Step 4: Compute \((\mathbf{X}'\mathbf{X})^{-1}\). In R, solve() inverts a matrix:

invXTX <- solve(XTX)
invXTX

             [,1]          [,2]
[1,]  0.234408602 -0.0053763441
[2,] -0.005376344  0.0002150538

Step 5: Multiply to get \(\mathbf{b} = (\mathbf{X}'\mathbf{X})^{-1}\mathbf{X}'\mathbf{y}\):

b <- invXTX %*% XTy
b

           [,1]
[1,] 15.6083871
[2,]  0.2060645

Verify with lm()

These should match exactly what lm() returns:

lm(inctop5 ~ agpct, data = d)

Call:
lm(formula = inctop5 ~ agpct, data = d)

Coefficients:
(Intercept)        agpct  
    15.6084       0.2061  

They do. The intercept and slope we derived by hand are identical to R’s built-in linear model.²

² The only “trick” in all of this is computing the inverse \((\mathbf{X}'\mathbf{X})^{-1}\), which becomes numerically involved for larger matrices. Everything else — the transpose, the multiplications — is straightforward even by hand.

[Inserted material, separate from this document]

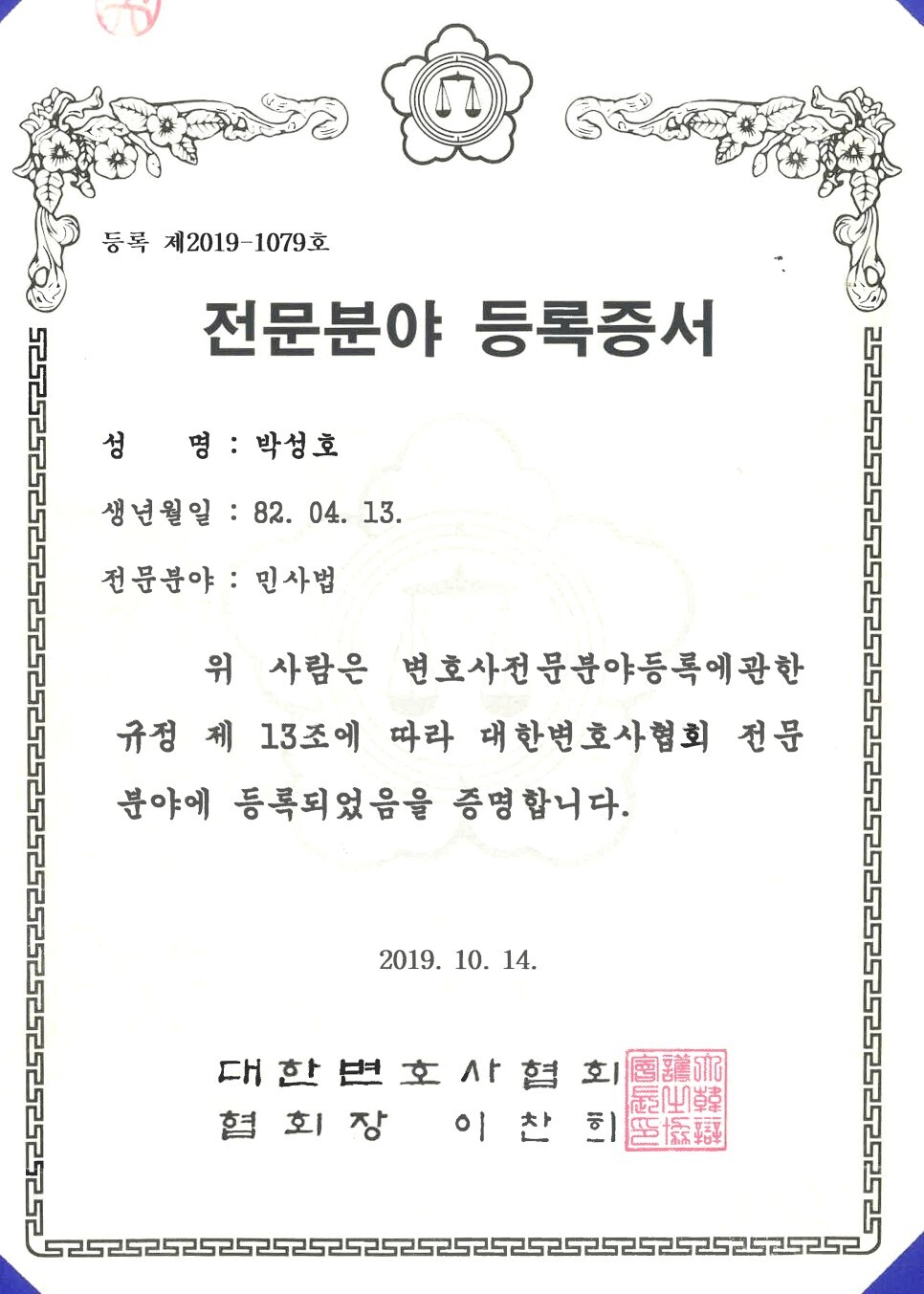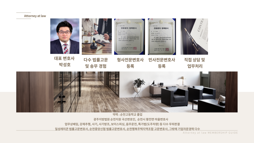 민사전문, 형사전문분야에 등록되어 있으며,직접 상담부터 법정출석에 이르기까지

This is also why lm() doesn’t actually use this formula internally: matrix inversion is numerically unstable for ill-conditioned \(\mathbf{X}'\mathbf{X}\). In practice, R uses QR decomposition instead, which is more stable. But the formula \(\mathbf{b} = (\mathbf{X}'\mathbf{X})^{-1}\mathbf{X}'\mathbf{y}\) remains the clearest way to understand what OLS is doing.